Exactly the lines below from the line with "Play with 7-10" through the line with "Разпределението включва: просторна" must make up the answer, both ends included and pictures left out.

**Extracted information**:
"""
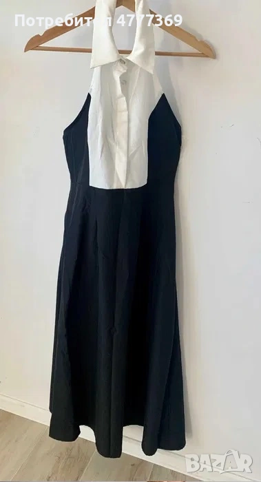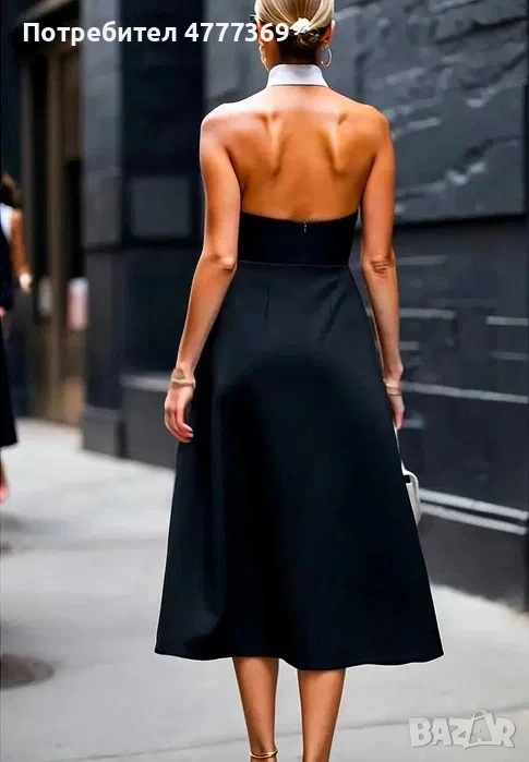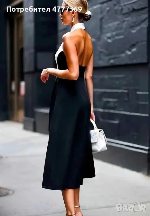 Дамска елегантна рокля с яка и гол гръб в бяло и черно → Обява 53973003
"""
"""
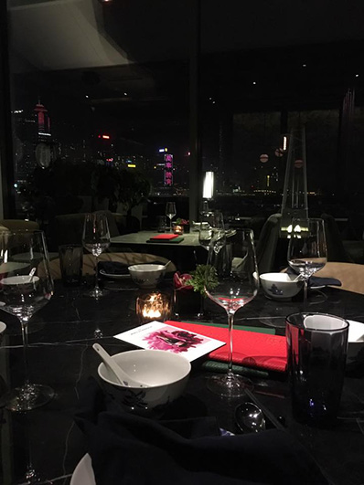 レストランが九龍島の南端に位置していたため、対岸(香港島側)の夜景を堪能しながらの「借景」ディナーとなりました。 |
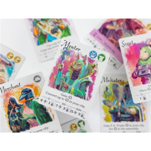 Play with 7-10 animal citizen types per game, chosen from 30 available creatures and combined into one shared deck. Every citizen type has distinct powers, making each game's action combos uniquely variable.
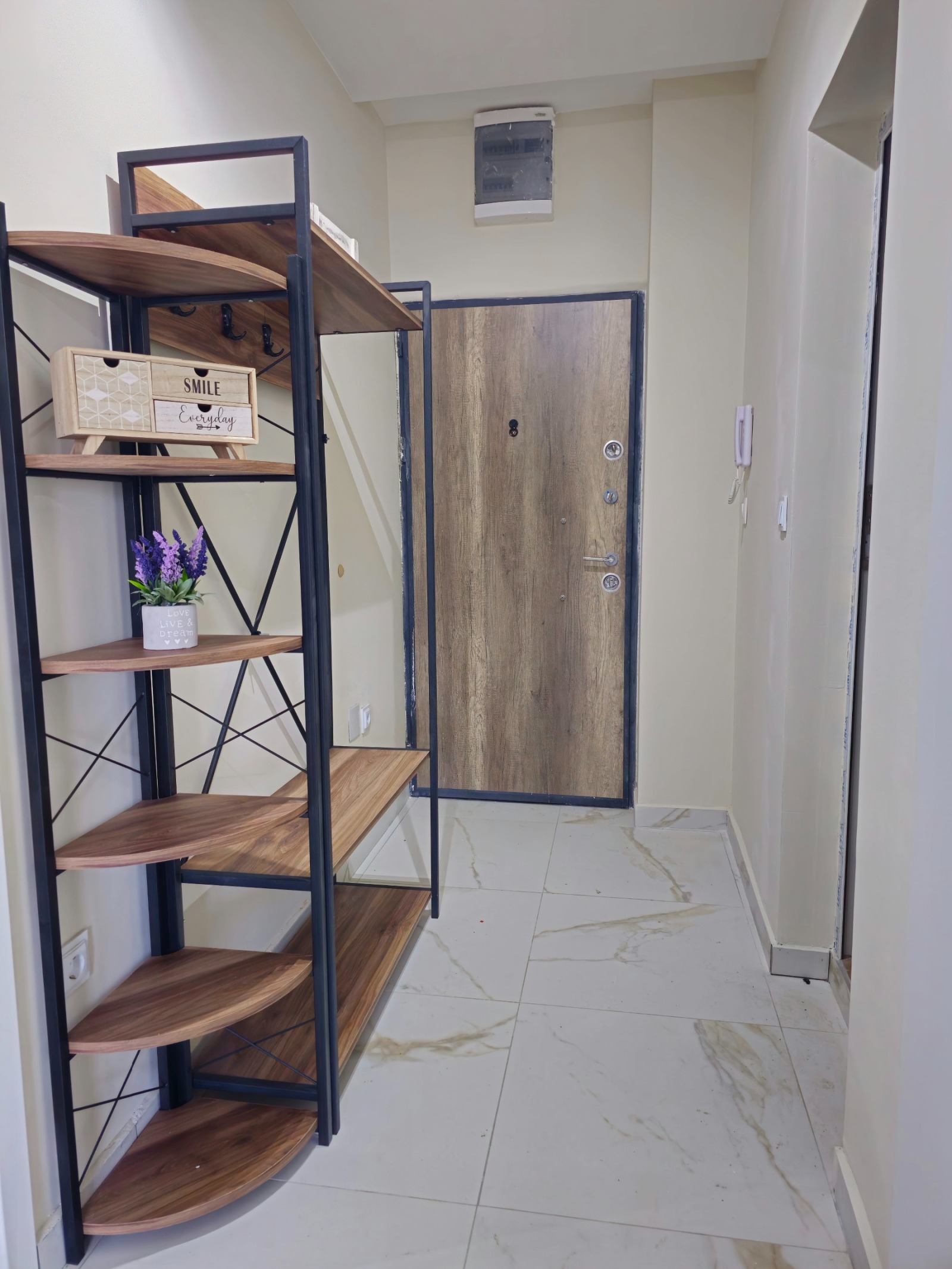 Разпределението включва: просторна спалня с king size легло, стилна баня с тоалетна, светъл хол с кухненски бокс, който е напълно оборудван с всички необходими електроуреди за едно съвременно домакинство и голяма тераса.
"""
"""
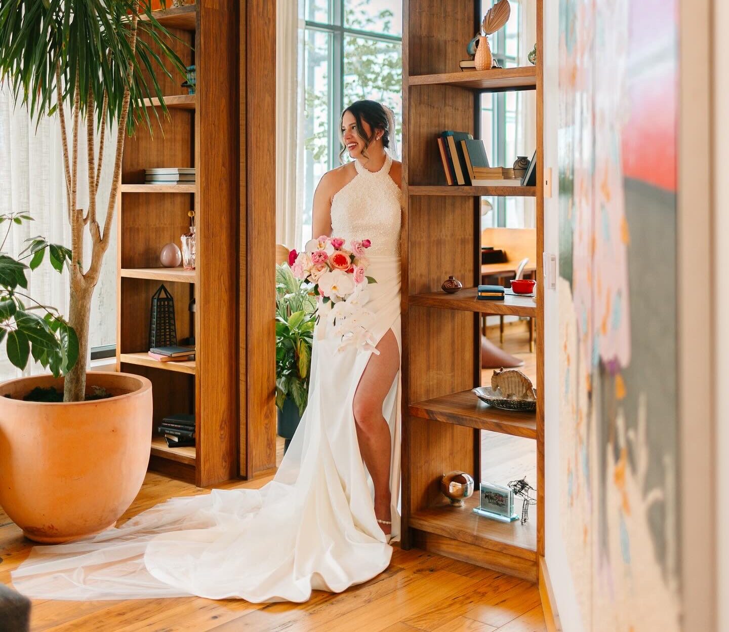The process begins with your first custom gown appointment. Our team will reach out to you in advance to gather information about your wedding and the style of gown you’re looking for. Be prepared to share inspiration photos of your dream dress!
"""
**Your solution**:
 Play with 7-10 animal citizen types per game, chosen from 30 available creatures and combined into one shared deck. Every citizen type has distinct powers, making each game's action combos uniquely variable.
 Разпределението включва: просторна спалня с king size легло, стилна баня с тоалетна, светъл хол с кухненски бокс, който е напълно оборудван с всички необходими електроуреди за едно съвременно домакинство и голяма тераса.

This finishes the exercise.